The parole being used on the U.S. side of the border also has been ramping up.
In October, another 68,837 were released under parole and an additional 20,500 were released with an immigration court date.
By adding the parole system, Bensman said the United States is enticing more people to come.
In Mexico
Bensman relayed a conversation he had with a Mexicali city official, Aaron Gomez, who said he was tapped to run the Mexican side of the operation partnered with Calexico, California.“They needed to open a new entrance right here, and they needed someone to run it,” Gomez told Bensman. “It was a favor the Americans asked for with this program.”
Gomez said U.S. officials told them, “They’re going to cross either way. This will keep them from getting hurt.”
Between Sept. 9 and Nov. 3, Gomez said he’s sent more than 1,150 parolees into Calexico, and the program is ramping up.
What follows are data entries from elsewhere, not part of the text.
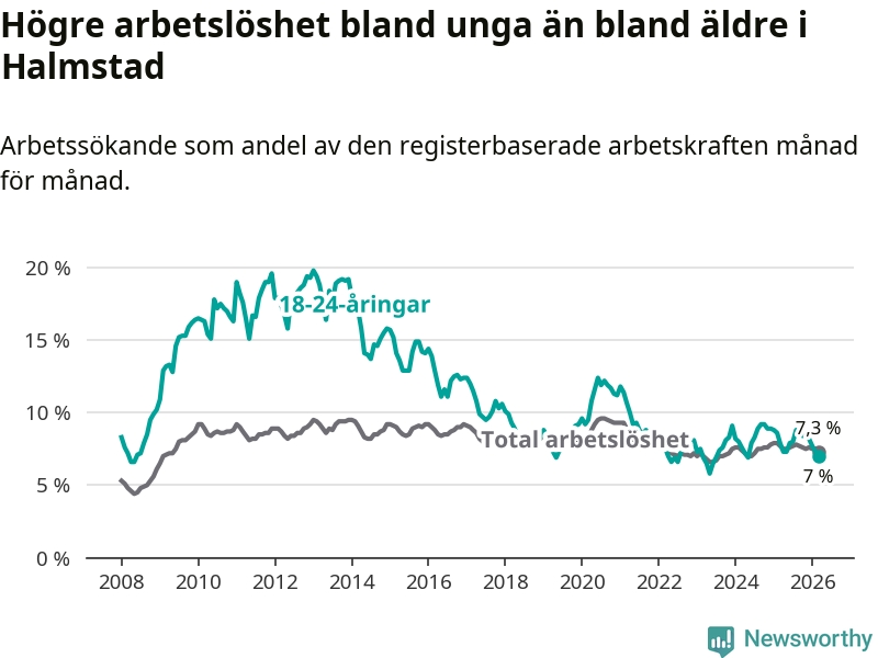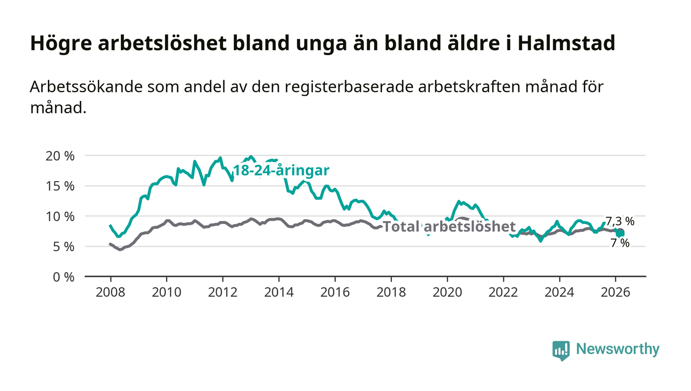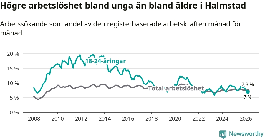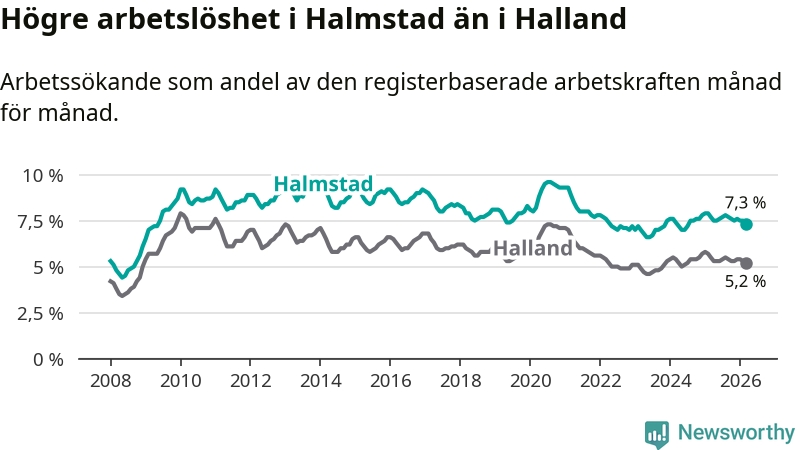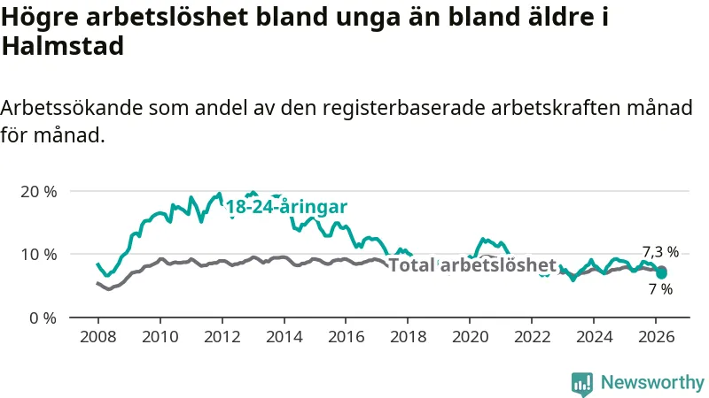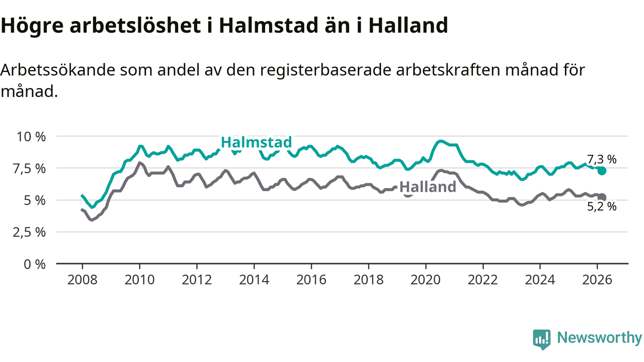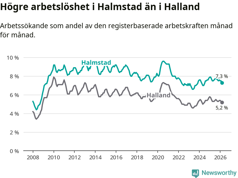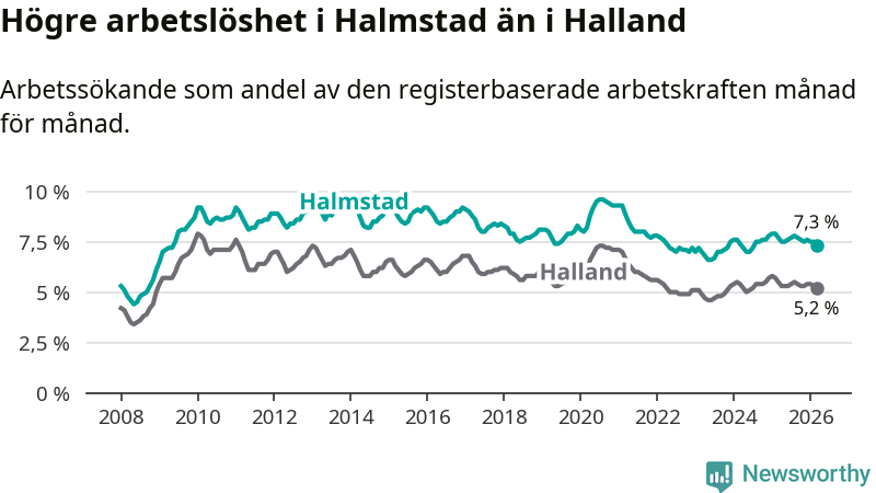 Under mars månad rapporterade Halmstads kommun en total arbetslöshet på 7,3 procent. Det är en minskning jämfört med samma tidpunkt i fjol (−0,4 procentenheter). Även i Hallands län sjunker arbetslösheten .
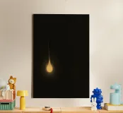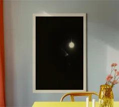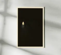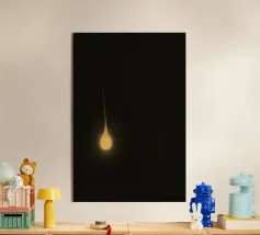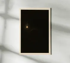 Da un vuoto più denso della mezzanotte emerge una singola esca gialla, la cui calda goccia di luce fa vorticare il plancton in orbite ipnotiche. Solo le più deboli nervature di una rana pescatrice in agguato si registrano sul bordo della tela, ricordandoci che ogni promessa di luminosità porta con sé un intento nascosto. La texture granulosa riproduce il modo in cui la materia particolata disperde i fotoni sott'acqua, mentre il nero circostante assorbe il pensiero e lo sguardo. È un momento di tensione tra curiosità e cautela, catturato in una scintilla tremante e senza tempo.
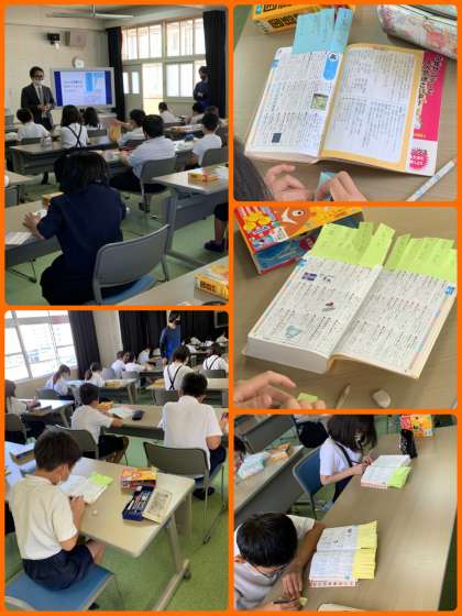 「今日は、わからない言葉を辞書で調べるのではなく、わかる・知ってる言葉に付箋を貼っていきましょう」
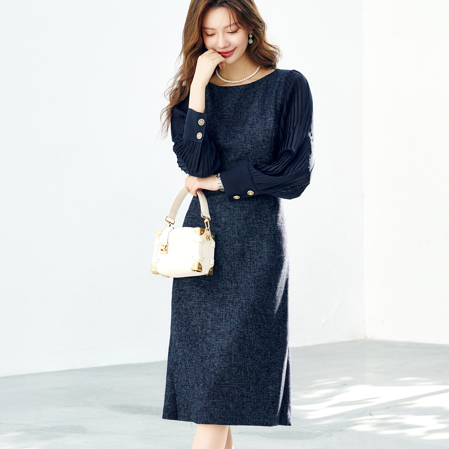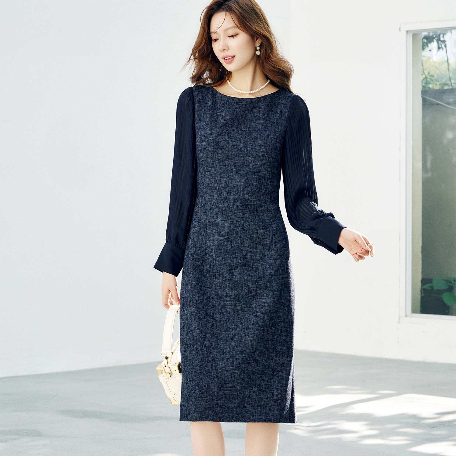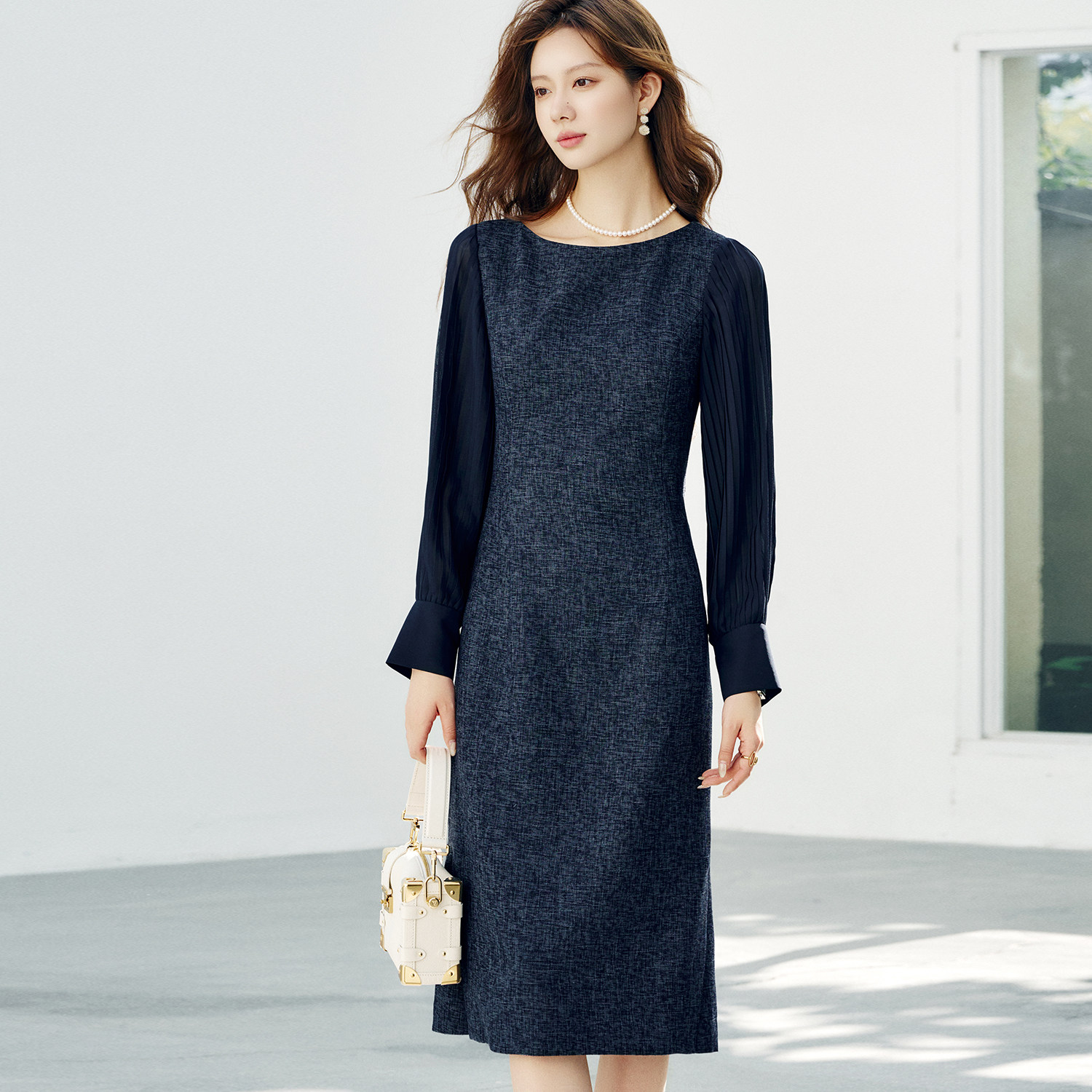 OFFIY-高贵千金 压褶雪纺气质显瘦高级26春夏新款漂亮战袍连衣裙
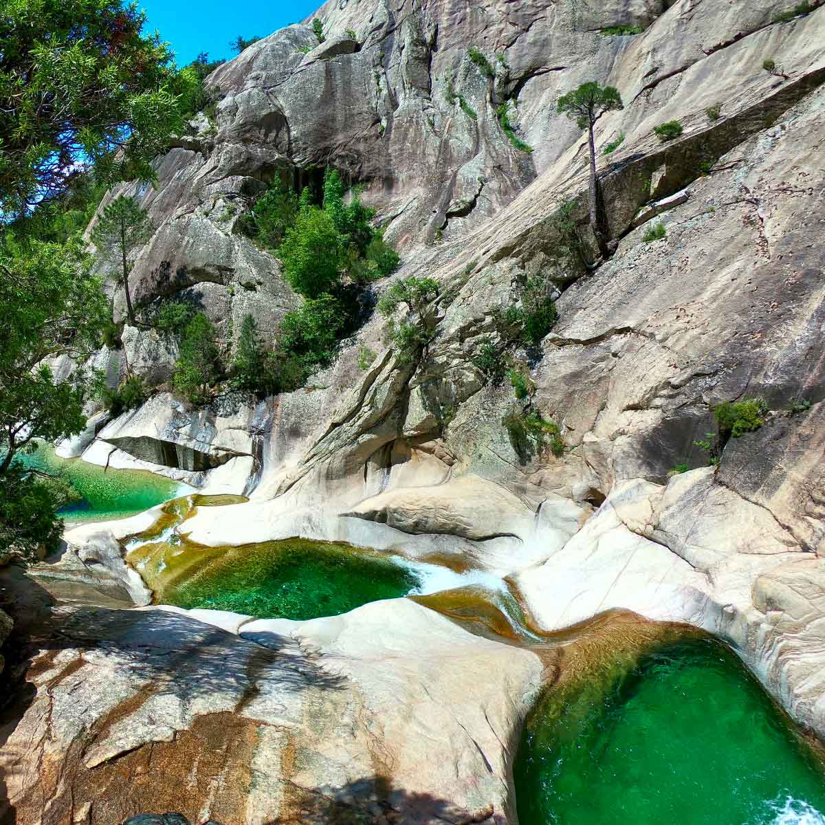 Accès: A partir du col de Bavella, emprunter la D 268 qui redescend vers Solenza. Au troisième pont (environ 7 km), vous apercevrez le Pulischeddu poursuivant sa course. Un sentier remonte le cours d’eau et mène, en quelques minutes de marche, aux premières vasques.

Many are Mexican nationals, as well as those from El Salvador, Honduras, Nicaragua, and other nations.
The Mexicali city shelter system—currently holding 3,000 migrants—is full, and the city is building an expansion to triple its capacity.
Bensman said the program is operating south of San Diego and Calexico in California, Douglas in Arizona, and El Paso, Laredo, McAllen, and Brownsville in Texas.
“Mexico also appears to have set up operations well south of the American border, in Cancun on Mexico’s southern Caribbean coast and in Monterrey farther north, where pre-approved immigrants are flown into American airports,” he said.
That allows the Biden administration to avoid having to add these aliens to the illegal border crossing statistics.
Department of Homeland Security Secretary Alejandro Mayorkas has maintained his intent to create more legal pathways for hopeful migrants in a more “safe, orderly, and humane” system into the United States—which reflects the U.N.’s goals.
“This has to be what they’re talking about,” Bensman said. “It does two things that are just utterly irresistible—it provides very fast work authorization and enables beneficiaries to avoid having to pay cartel fees to cross.”
However, there are already corruption issues.
Bensman said migrants have told a Tijuana-based pastor at a shelter that local officials are demanding bribes of 5,000 to 10,000 pesos ($250 to $500) for migrants to get on the government shelter lists for more guaranteed, faster border crossings.
CBP didn’t respond to a request from The Epoch Times for the number and nationalities of aliens who have been paroled in and through which ports of entry under this program with Mexico.
As far as reining in the use of parole, Bensman said he thinks a current Florida lawsuit might have the best chance.
“I think that’s the only hope—that they get an injunction, and this thing gets to the Supreme Court, fast,” he said.